KeyDB icon indicating copy to clipboard operation
KeyDB copied to clipboard

[CRASH] Starting KeyDB on ARM hardware causing serverAssert failure

Open ronnyek opened this issue 1 year ago • 5 comments

I'm attempting to build a container image (has to be proprietary unfortunately) that is to be run on ARM hardware. Initially I was getting an error around invalid page size in jemalloc, but adding --with-lg-page=16 did get us past that problem.
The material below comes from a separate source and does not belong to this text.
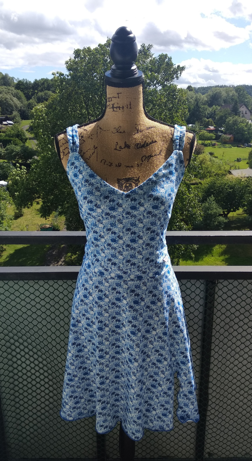 Ivana: „Šaty se šily dobře, už jsem šila druhé. Akorát jsem zašila sklady, připadalo mi, že z téhle látky trochu trčely. Je to trochu silnější materiál, než jsem čekala, ale takhle, myslím, sedí dobře 😊.“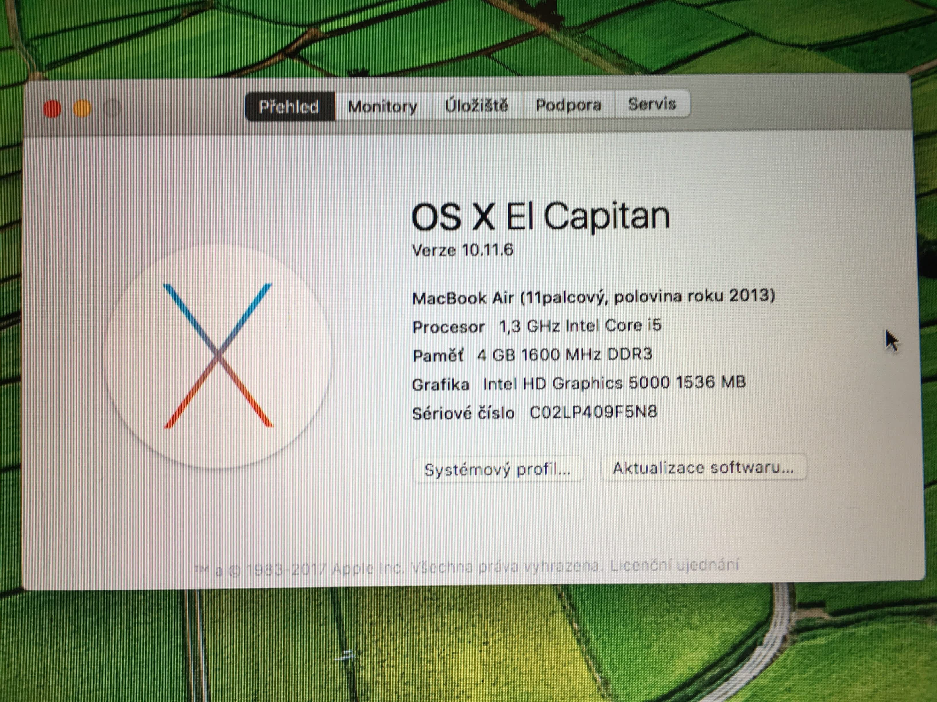 Macbook Air 11 Prodám MacBook Air 11-inch, mid 2013, procesor 1.3GHz dual-core Intel Core i5 (Turbo Boost up na 2.6GHz), 4GB 1600 Mhz DDR3, 256 GB SSD, podsvícená klávesnice, širokoúhlý displej s LED podsvícením (1366×768), 2x USB 3, podsvícená klávesnice, senzor okolního světla. Na místech bouhnutý/škrábnutý – lze vidět na fotkách. Nemá vliv na funkčnost. Plně funkční, spolehlivý notebook. Dlouhá výdrž na baterii. Originální balení. Prodávám z důvodu koupě novějšího Macbook Pro.

Now on start I get server.cpp:6531 '!ret' is not true

Crash report

=== KEYDB BUG REPORT START: Cut & paste starting from here ===
1:1:C 31 Jul 2024 16:05:19.226 # === ASSERTION FAILED ===
1:1:C 31 Jul 2024 16:05:19.226 # ==> server.cpp:6531 '!ret' is not true

------ STACK TRACE ------

Backtrace:
keydb-server(linuxMadvFreeForkBugCheck()+0x368) [0x45b828]
keydb-server(main+0x31c) [0x4432cc]
/lib64/libc.so.6(+0x27300) [0xffffaa607300]
/lib64/libc.so.6(__libc_start_main+0x98) [0xffffaa6073d8]
keydb-server(_start+0x30) [0x447670]

------ INFO OUTPUT ------
Keydb starting as active-replica and multi-master
1:1:C 31 Jul 2024 16:08:03.327 * Notice: "active-replica yes" implies "replica-read-only no"
1:1:C 31 Jul 2024 16:08:03.327 * Before turning into a replica, using my own master parameters to synthesize a cached master: I may be able to synchronize with the new master with just a partial transfer.
1:1:C 31 Jul 2024 16:08:03.327 # oO0OoO0OoO0Oo KeyDB is starting oO0OoO0OoO0Oo
1:1:C 31 Jul 2024 16:08:03.327 # KeyDB version=6.3.4, bits=64, commit=7e7e5e57, modified=1, pid=1, just started
1:1:C 31 Jul 2024 16:08:03.327 # Configuration loaded

Additional information

  1. Not sure if this matters, but this is being deployed on rockylinux 8 based container image
  2. A perm link for the code in server.cpp aroudn that line number

ronnyek avatar Jul 31 '24 16:07 ronnyek

yes ,on arm ,i also have this problem

jcy1001 avatar Aug 01 '24 06:08 jcy1001

In digging further it seems like this may be related to linux kernel specific to arm having a bug related to pgtable, and that keydb/redis code apparently attempts to check whether that bug exists in the linux kernel. arm64: pgtable: Ensure dirty bit is preserved across pte_wrprotect()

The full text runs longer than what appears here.